B Mobile phone may affect one's normal way of thinking.
C Sleep disorders could result from mobile phone radiation.
D A protein called hsp27 is killed by mobile phone radiation.
38 What kind of disease is not caused by the use of mobile phone? _________
A Fatigue.
B Headache.
C Alzheimer's disease.
D Tuberculosis.
39 According to the passage, what would be the future of the use of mobile phone? _________
A People will be forbidden to use mobile phone.
B People dare not use mobile phone because of its radiation.
C People will continue to use mobile phone.
D There will be new restrictions on the use of mobile phone.
40 Which of the following is NOT true according to the passage? _________
A The research in Finland found that mobile phone radiation will affect one's brain.
B Mobile phone radiation can cause increased activity in hundreds of protein in human cells.
C Increased protein activity might cause cells to shrink.
D Lszczynski forbid his wife and children to use mobile phone after his research.
Electronic Mail (E-mail)
During the past few years, scientists the world over have suddenly found themselves productively engaged in task they once spent their lives avoiding-writing, any kind of writing, but particularly letter writing. Encouraged by electronic mail's surprisingly high speed, convenience and economy, people who never before touched the stuff are regularly, skillfully, even cheerfully tapping out a great deal of correspondence.
Electronic networks, woven into the fabric of scientific communication these days, are the route to colleagues in distant countries, shared data, bulletin boards and electronic journals. Anyone with a personal computer, a modem and the software to link computers over telephone lines can sign on. An estimated five million scientists have done so with more joining every day, most of them communicating through a bundle of interconnected domestic and foreign routes known collectively as the Internet, or net.

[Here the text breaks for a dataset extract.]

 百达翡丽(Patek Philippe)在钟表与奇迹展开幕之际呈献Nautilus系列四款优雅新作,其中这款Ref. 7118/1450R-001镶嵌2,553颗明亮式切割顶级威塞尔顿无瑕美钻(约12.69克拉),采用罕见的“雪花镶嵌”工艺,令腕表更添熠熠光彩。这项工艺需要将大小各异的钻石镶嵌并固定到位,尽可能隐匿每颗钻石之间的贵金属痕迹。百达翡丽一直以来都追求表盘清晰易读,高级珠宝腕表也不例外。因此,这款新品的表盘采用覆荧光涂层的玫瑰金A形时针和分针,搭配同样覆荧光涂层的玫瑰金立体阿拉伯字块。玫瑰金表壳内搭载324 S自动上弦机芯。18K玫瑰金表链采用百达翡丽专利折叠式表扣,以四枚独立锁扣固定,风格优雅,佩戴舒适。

E-mail is starting to edge out the fax, the telephone, overnight mail, and of course, land mail. It shrinks time and distance between scientific collaborators, in part because it is conveniently asynchronous (writers can type while their colleagues across time zones sleep; their message will be waiting). If it is not yet speeding discoveries, it is certainly accelerating communication.

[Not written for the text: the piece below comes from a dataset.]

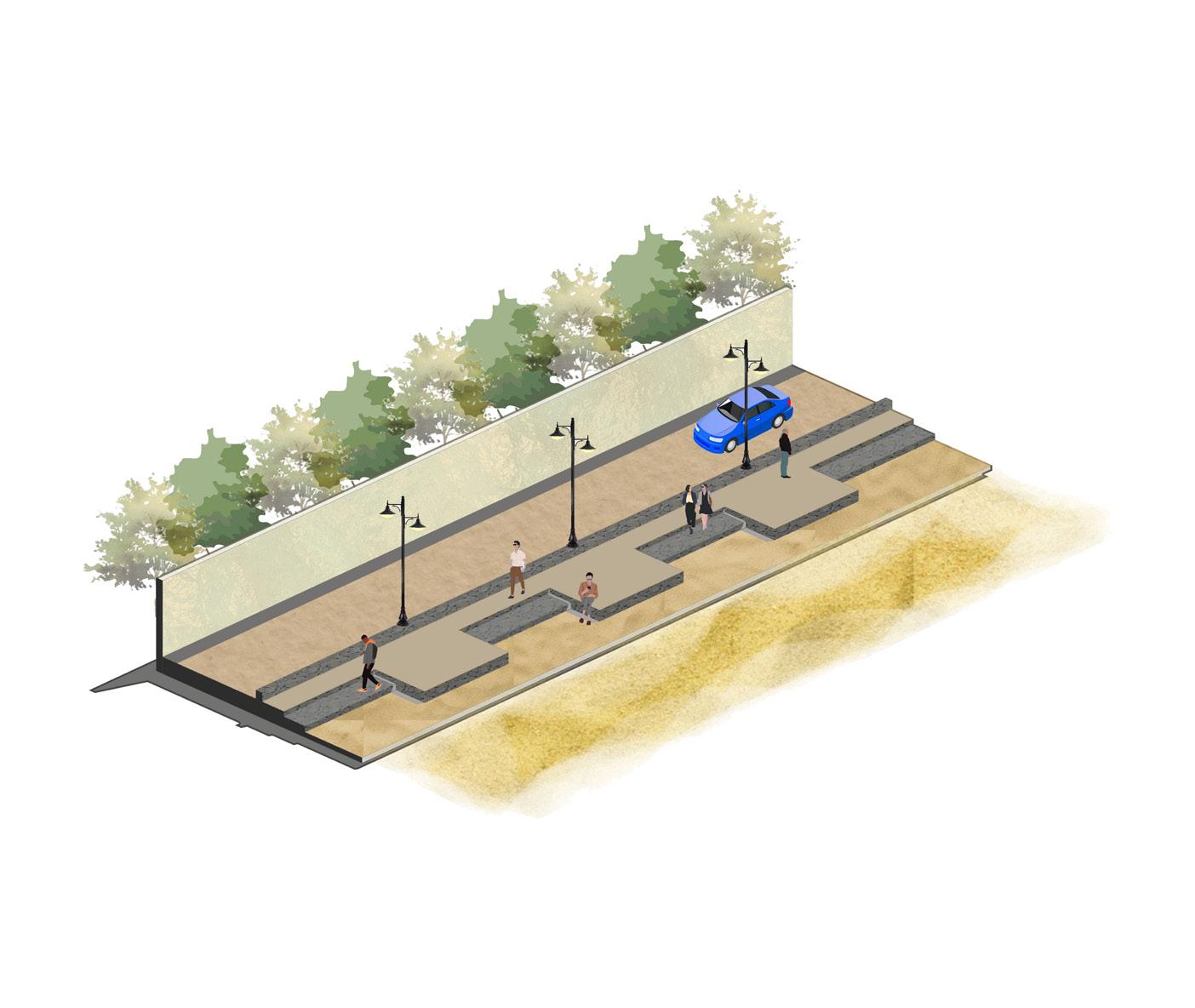 DESIGNPROPOSALS: Unhindered all-weather pedestrian walkway from Mahim to Dadar Beach PROPOSEDACCESSIBLESTEPPEDGABIONRETENTION WALL AND RAMP

Jeremy Bernstei, the physicist and science writer, once called E-mail the physicist's umbilical cord. Lately other people, too, have been discovering its connective virtues. Physicists are using it; college students are using it, everybody is using it, and as a sign that it has come of age, the New Yorker has celebrated its liberating presence with a cartoon-an appreciative dog seated at a keyboard, saying happily, “On the Internet, nobody knows you're a dog.”

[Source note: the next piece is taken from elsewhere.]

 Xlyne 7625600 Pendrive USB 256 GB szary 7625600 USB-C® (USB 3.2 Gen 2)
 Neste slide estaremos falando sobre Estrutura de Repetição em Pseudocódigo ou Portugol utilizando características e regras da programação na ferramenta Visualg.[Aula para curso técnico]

41 The reasons given below about the popularity of E-mail can be found in the passage EXCEPT __________.
A direct and reliable
B time-saving in delivery
C money-saving
D available at any time
42 How is the Internet or net explained in the passage? __________
A Electronic routes used to read home and international journals.
B Electronic routes used to fax or correspond overnight.
C Electronic routes waiting for correspondence while one is sleeping.
D Electronic routes connected among millions of users, home and abroad.
43 What does the sentence “If it is not yet speeding discoveries, it is certainly accelerating communication” most probably mean? __________
A The quick speed of correspondence may have ill-effects on discoveries.
B Although it does not speed up correspondence, it helps make discoveries.
C It quickens mutual communication even if it does not accelerate discoveries.
D It shrinks time for communication and accelerates discoveries.
44 What does the sentence “On the Internet, nobody knows you're a dog.”imply in the last paragraph? __________
A Even dogs are interested in the computer.
B E-mail has become very popular.
C Dogs are liberated from their usual duties.
D E-mail deprives dogs of their owners' love.
45 What will happen to fax, land mail, overnight mail, etc. according to the writer? __________
A Their functions cannot be replaced by E-mail.
B They will co-exist with E-mail for a long time.
C Less and less people will use them.
D They will play a supplementary function to E-mail.